HOMO VIRTUALIS

KISS.

A fancy word, a delightful meaning. If words were colours, perhaps this one would have the brightest and prettiest ones – shimmering and glowing. Kissing is exhilarating, uncomplicated and engaging. Surely this is why its name has become the motto of modern design. Not only of design, though, but of all kinds of contemporary public interaction, especially online communication. It means almost the same thing – something simple and attractive, although in fact an acronym meaning “keep it simple, stupid”. One should not make people think if they want their message to reach everyone. One should make people smile and feel at ease. Amuse them – that’s the key. People don’t like to think, they prefer to enjoy themselves, they go for brief and uncomplicated statements.

There are psychological reasons for this – a man is freed from many of his restraints when he is joyous. The aesthetic and behavioural criteria of his solemn nature fall off. Entertainment is something stupid in the eyes of cultural tradition, although humour is probably the highest manifestation of intelligence. Skillfully presented irony and sarcasm can put the claims of high art to shame. Simply take Monty Python as an example. Yet, intelligent humour is generally hard to digest and far less “entertaining” to the crowd than the plain-spoken skits and quips. The German word for entertainment is very indicative – Unterhaltung. Consisting of 2 parts – unter and haltung, it could be loosely translated as a lowly attitude. In its meaning of frivolous approach and reduced criterion, it is to a large extent a cultural deviation. A niche where the air is not saturated with culture, but with …

Freedom

Indeed, high art requires intellectual tension, concentration of thought, which generally implies unfreedom.  Culture itself is also somewhat unfree. It establishes patterns, stereotypes, standards, in short – culture “stuffs up one’ s head ” and leaves little free space for oneself. As the modernism of the early 20th century discovered, to be an independent artist, in the sense of being emancipated from everything that people before you have thought up. In the words of J. Joyce in “A Portrait of the Artist as a Young Man “You talk to me of nationality, language,religion. I shall try to fly by those nets.” Inside the inverted commas I add culture because it represents the spirit of a society, a nation, a family. The Latin word “cultivare” means “to raise”, so it is no surprise that culture is a tradition in itself.

How contradictory – the more cultivated and educated a person is, the less free he becomes. His thinking, acting, even unconventional ideas depend, by default, on his knowledge and upbringing.  As has long been known, there is nothing new under the sun.

In contrast to high culture, in humour and entertainment, this is not the case. It is no coincidence that the ancient Romans had special holidays on which they gave the masses the right to laugh freely and break all mores with impunity. They knew that civilization was really a cold, stony and gloomy structure with windows tightly shut and hard to breathe in, so they aired it out completely once a year. The so-called entertainment culture does the same. Men of all ages need a “carnival” in their life to breathe better. They have devised all sorts of ways to achieve this, found millions of ways to enjoy themselves.
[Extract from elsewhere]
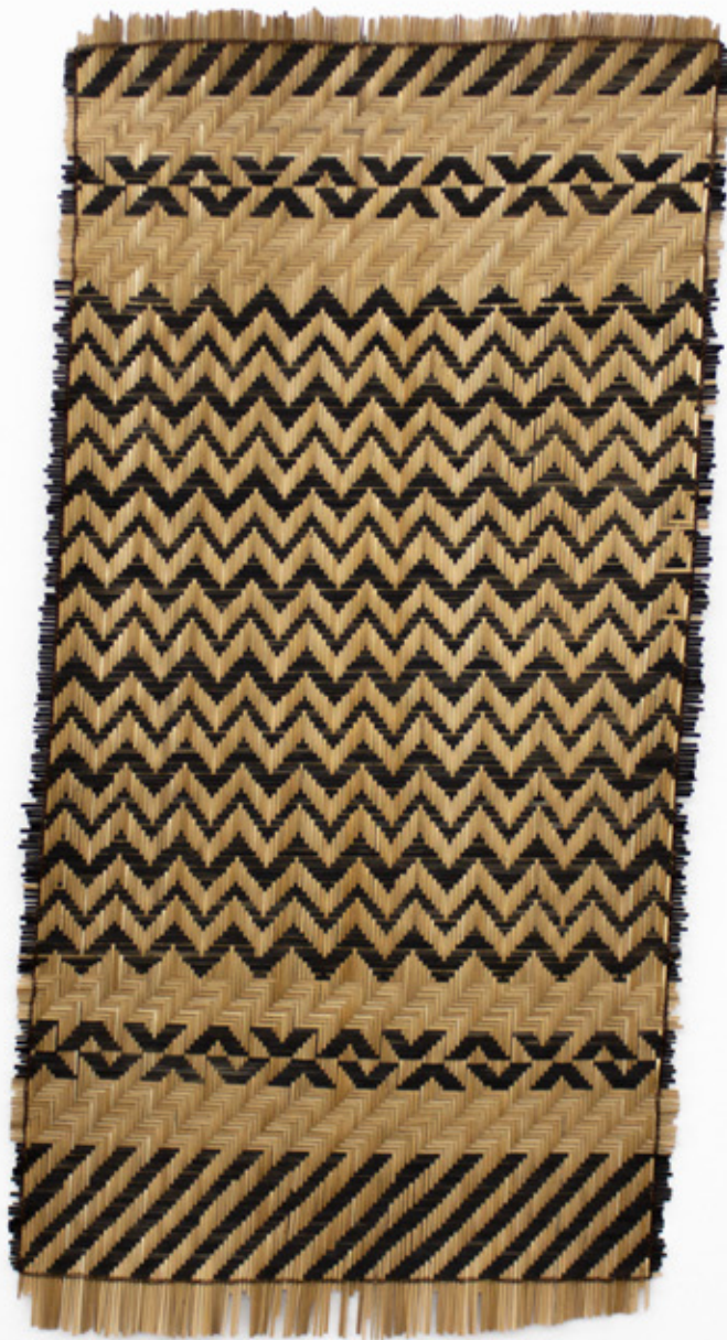
Shamaii / Tejer raíces , 2026. Tejido a mano, bejucos teñidos con tintes naturales. 107 x 53 cm.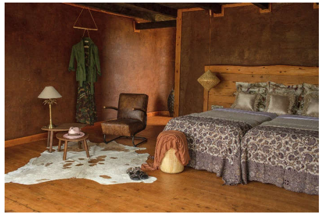
MASAI MARA OLENGOTI SAFARI CAMPS

Unprecedented in the recorded human history

To this day, man has brought culture and fun together. Until now, they have always been clearly demarcated, in most cases even opposed. Something unseen is taking place nowadays – culture, the spiritual in its visibility, is placed next to the trivial, the frivolous, the commonplace. For the first time, the “vertical” opposition of the spiritual-intellectual upper and the material lower has been abolished. The virtual age has made possible what was hitherto unthinkable – the coexistence and fusion of low and high culture, elite education and “semi-knowledge” within one domain, has placed the vertical on the horizontal plane of the platforms.
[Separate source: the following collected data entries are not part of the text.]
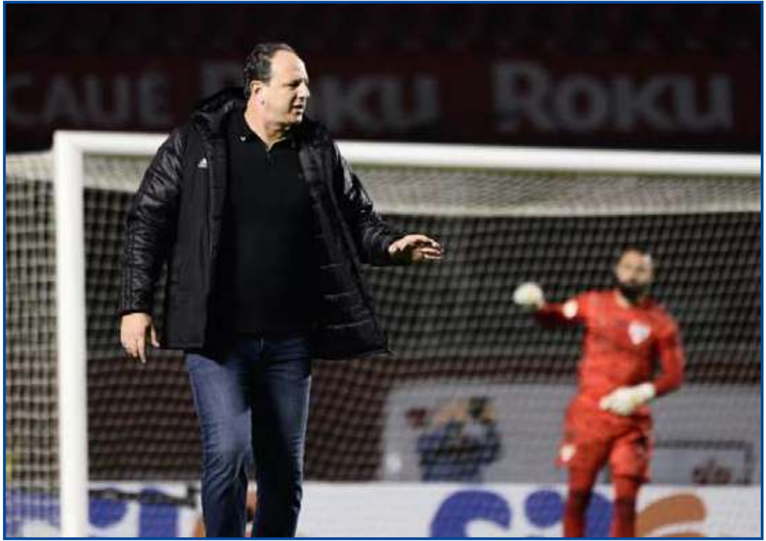
Derrota de virada para o Palmeiras no Brasileirão abalou o grupo

“Se tivéssemos todos os jogadores à disposição, teríamos uma rotação boa e com chances de mudar. Hoje temos poucas opções.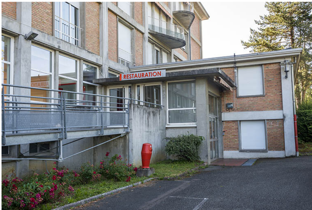
Entrée de la restauration sur la façade ouest du bâtiment d'internat, logement, restauration. (ex-Léger) 25, Audincourt, 6 rue René Girardot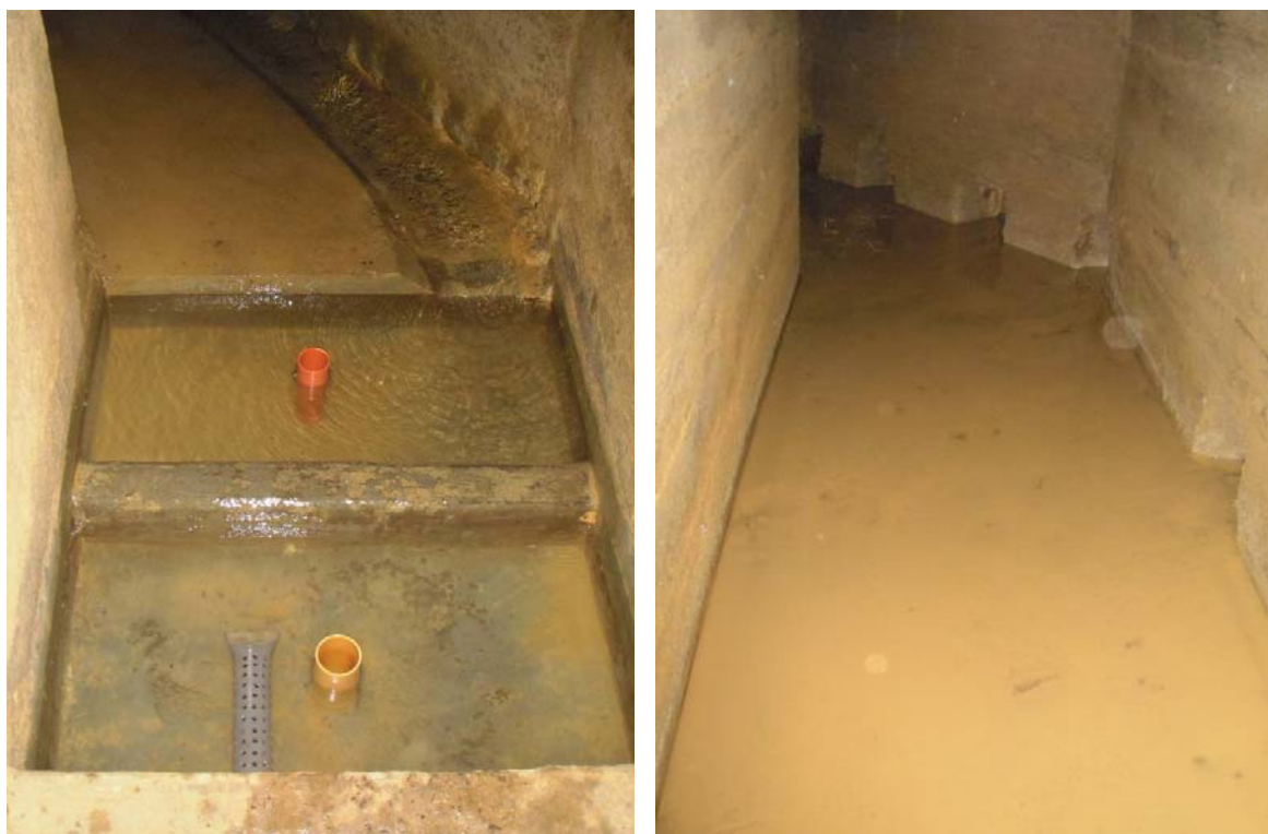
Vue intérieure du captage

Digital culture has transformed every achievement of humanity into dots, dashes and symbols, simplified even the most complex human puzzles, transmitted them through the codes of universal languages like “basic” or “html”. The digital discovered the lost universal language, translated into it every human achievement, regardless of its complexity, level, accessibility and affiliation, and “uploaded” it to the internet. Thus, it became part of the “hard drive” of our civilization – complete, unified, horizontal.
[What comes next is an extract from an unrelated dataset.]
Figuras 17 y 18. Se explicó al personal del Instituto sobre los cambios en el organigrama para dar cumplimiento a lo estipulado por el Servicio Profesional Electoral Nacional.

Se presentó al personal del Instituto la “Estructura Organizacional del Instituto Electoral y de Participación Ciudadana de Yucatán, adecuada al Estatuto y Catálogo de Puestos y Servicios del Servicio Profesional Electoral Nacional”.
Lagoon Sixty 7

The vertical concept in the horizontal culture of modernity has no aesthetic or evaluative sense.  Nor is it certain whether the new universal language is in fact the lost original language from the Tower of Babel. Nevertheless, it stands as a fact that today, as never before, every one can communicate in one language. Not only because of Google’s extensive translation services, but also because free access to the treasure trove of human knowledge has given everyone the feeling of being part of the Unique Great Spirit of humanity. It gave everyone the confidence to be monolingual with connoisseurs on almost any subject. Irrespective of their education, knowledge and talents. The taboos of learnedness have fallen. Whether this is good or bad cannot yet be said. Whether the cultural upper has been dragged down, that’s obvious – all that was once inaccessible and unattainable to the commons and the uneducated is now put on a platform, chewed over and ground up on Wikipedia to be understood by the masses.

An interesting dialectic

In digital terminology – you “upload” something to the web so that the average person can “download” it and get to know it. Culture and knowledge are not just brought down to the people today, they are slapped on the table, alongside garlic and bacon. It is not by chance that we speak of “mass culture” and “popular science”. This process, this liberalization of the mind, began of course several decades before the advent of the internet and the virtual. Back then, it was only a harbinger of the radical change that is now visible to the naked eye and has turned into a revolutionary leap.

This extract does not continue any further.